DATASET CONTENT -
[Start of Attachment]

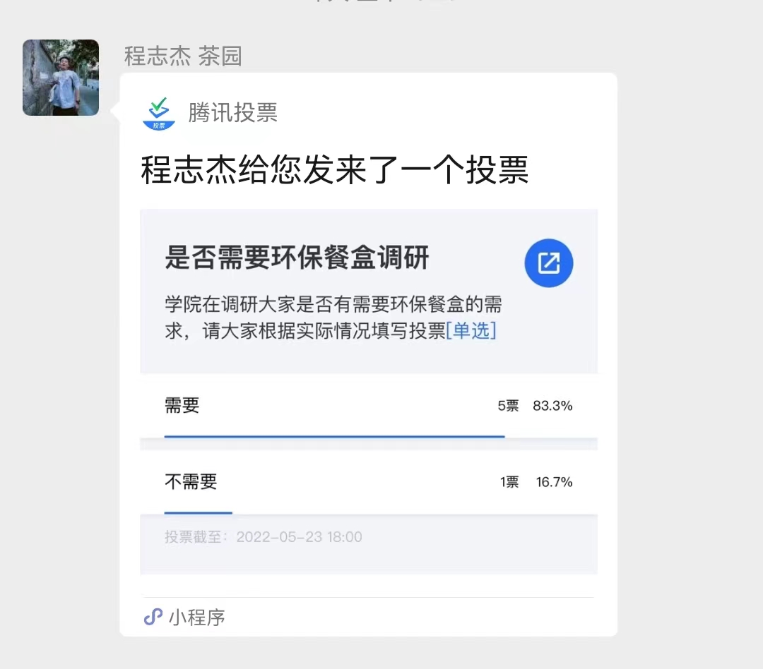 “学校停止堂食的决定能明显减少同学们在食堂逗留的时间,能有效避免交叉感染的几率,所以我们应该积极响应号召。为了方便同学们就餐以及减少一次性塑料餐盒的使用,我们调研了茶园同学们的环保餐盒套装的需求,将统一订购和发放餐盒套装,为疫情防控贡献力量。”交叉信息院研究生分会主席程志杰同学,主动发起团购环保餐盒,支持学校不堂食的防疫政策。
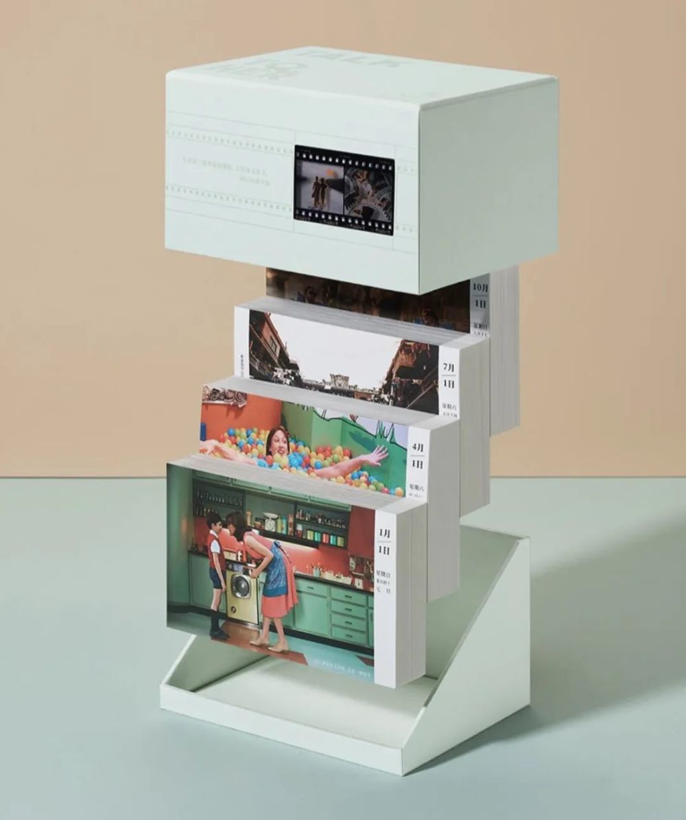 365个日子全部装在一个特别设计的盒子里,里面由几百张印有黑白日期的纸板組成,不需要胶水或其他粘合剂,只要两粒螺丝钉就能将它们联结在一起。
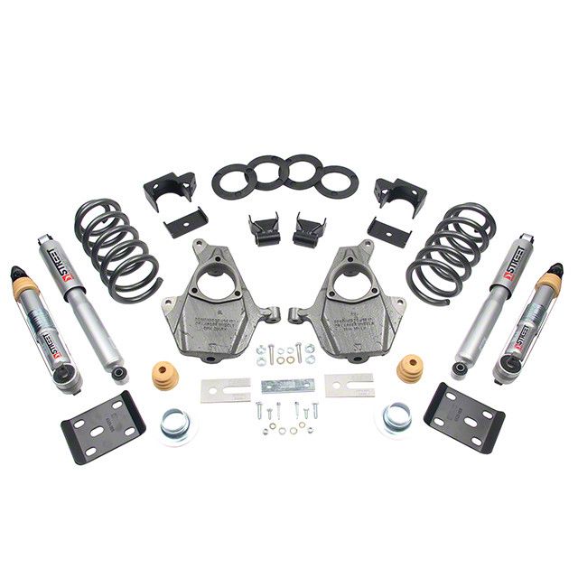 Aggressive Look. Give your truck an aggressive look and improved performance with this 3 to 4-Inch Front / 7-Inch Rear Lowering Kit with Street Performance Shocks from Belltech. It has been specially engineered to lower your truck’s center of gravity for extra stability in competitive driving conditions. This also gives your truck a more aggressive and classic truck appearance. This lowering kit also comes with all the bushings, spacers, and bump stops for a complete, hassle-free setup.
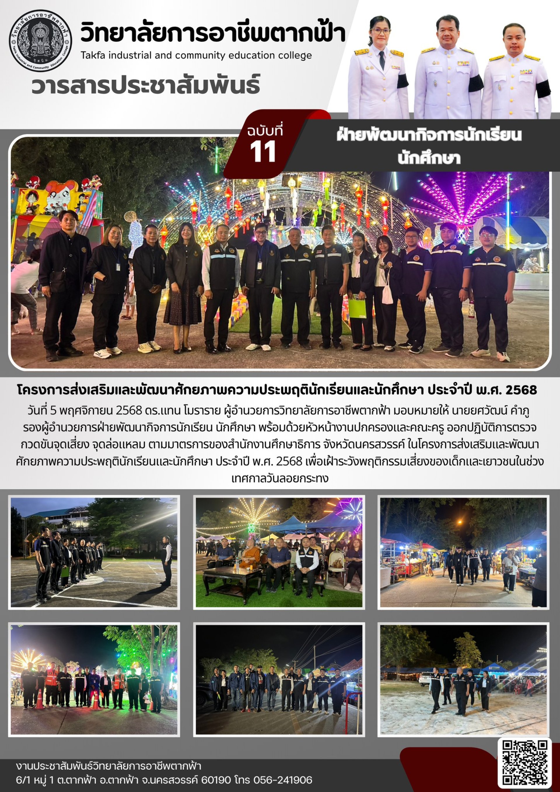 วารสารตากฟ้า ประจำเดือน พฤศจิกายน 2568 ฉบับที่ 11 โครงการส่งเสริมและพัฒนาศักยภาพความประพฤตินักเรียนและนักศึกษา ประจำปี พ.ศ. 2568

[End of Attachment]

REQUIREMENT -
The whole listing is to be duplicated verbatim, apart from its images.

RESULT -
 “学校停止堂食的决定能明显减少同学们在食堂逗留的时间,能有效避免交叉感染的几率,所以我们应该积极响应号召。为了方便同学们就餐以及减少一次性塑料餐盒的使用,我们调研了茶园同学们的环保餐盒套装的需求,将统一订购和发放餐盒套装,为疫情防控贡献力量。”交叉信息院研究生分会主席程志杰同学,主动发起团购环保餐盒,支持学校不堂食的防疫政策。
 365个日子全部装在一个特别设计的盒子里,里面由几百张印有黑白日期的纸板組成,不需要胶水或其他粘合剂,只要两粒螺丝钉就能将它们联结在一起。
 Aggressive Look. Give your truck an aggressive look and improved performance with this 3 to 4-Inch Front / 7-Inch Rear Lowering Kit with Street Performance Shocks from Belltech. It has been specially engineered to lower your truck’s center of gravity for extra stability in competitive driving conditions. This also gives your truck a more aggressive and classic truck appearance. This lowering kit also comes with all the bushings, spacers, and bump stops for a complete, hassle-free setup.
 วารสารตากฟ้า ประจำเดือน พฤศจิกายน 2568 ฉบับที่ 11 โครงการส่งเสริมและพัฒนาศักยภาพความประพฤตินักเรียนและนักศึกษา ประจำปี พ.ศ. 2568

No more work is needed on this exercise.